The most interesting part of the above method is that it opens up perhaps a whole areas to explore, since it is but one specific case - the underlying idea seems to me to aim to look at each iteration essentially through a statistical lens instead of focusing so narrowly on only one overall measure at the end of the iteration. I don't yet know whether the average is indeed the best statistic that can be found for this purpose but since it seems at least slightly more interesting than the plain (or even smoothed) iteration count, I went ahead and gave it a spin. Note also that the actual result further depends on other parameters, such as the maximum number of iterations (to some extent) or the exact interpolation and smoothing techniques applied - for one clue in the images, the pin-point effects are basically discontinuities. It's also probably not at all surprising that an essentially statistical approach works better - or at least provides more detail - with more rather than with less data. More data in this case means a larger bailout value as well as a higher number of maximum iterations allowed. To illustrate all this, here's the very same basic Mandelbrot fractal coloured still in grayscale4 but showing the smoothed iteration count in the first image and the smoothed average curvature for 20, 50 and 100 iterations respectively in the following 3 images:



Armed as above with two working smooth colouring schemes and the generic building block of complex functions, the next logical step is to explore a bit functions other than the good old Mandelbrot. But since I'm running out of writing time right now, I'll leave the write-up of that exploration for the next article - this one is running long enough as it is and I didn't even get to mixing in any pseudo-randomness at all to spice things up!


  1. Surprisingly or perhaps not all that surprisingly, it's really this png-writing part that was a chore to implement. Supposedly png is actually one of the clearer standards out there and moreover, I implemented the bare minimum here but nevertheless, there's no joy I can find in the job of getting all headers just right and in the correct place and then chunking everything as expected and still having to hunt some tiny detail that just throws everything off at times. Anyways, at least once done it stays done and I guess it will even seem a breeze about the 10th time I implement it or something. 

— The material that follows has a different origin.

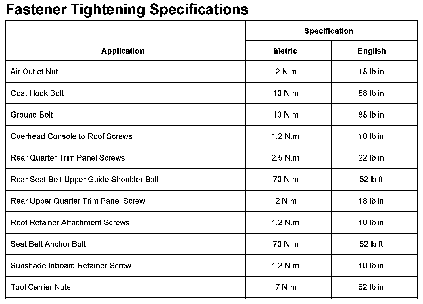 Fastener Tightening Specifications
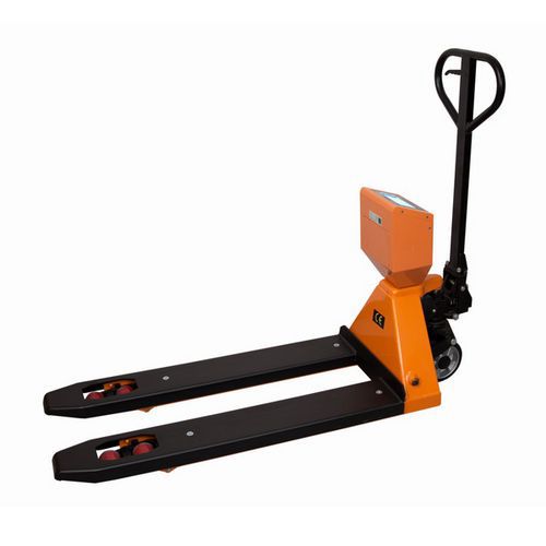 Paletový vozík s váhou, do 2000 kg, pogumované riadiace kolesá, s EÚ overením a kalibračným listom

  2. Harkonen, J., On Smooth Fractal Colouring Techniques, MSc Thesis, Department of Mathematics, Abo Akademi University, Turku, 2007 

  3. For a quick reminder here: the fractals are obtained through the iteration of complex polynomials; each point of the image is mapped to a complex number that is then used typically as the free term (ie coefficient of z^0) of a chosen complex polynomial; the polynomial is then iterated starting with (0,0) until either a maximum number of iterations or a bailout value are reached; when the bailout value is reached, the point is considered to have escaped the attractor of the function, basically converging towards infinity rather than remaining trapped in a radius of bailout size around the origin; the simplest representations pick then at each point the number of iterations performed and then map this to some colour scheme (sometimes pre-processing it first to ensure continuity). The averaging method aims instead to use more of the available information: it calculates the average of some characteristic (such as magnitude or argument) of all the intermediate values obtained when iterating at each point. 

  4. Well, the grayscale is the result of applying a function too but I'll skip those details for now.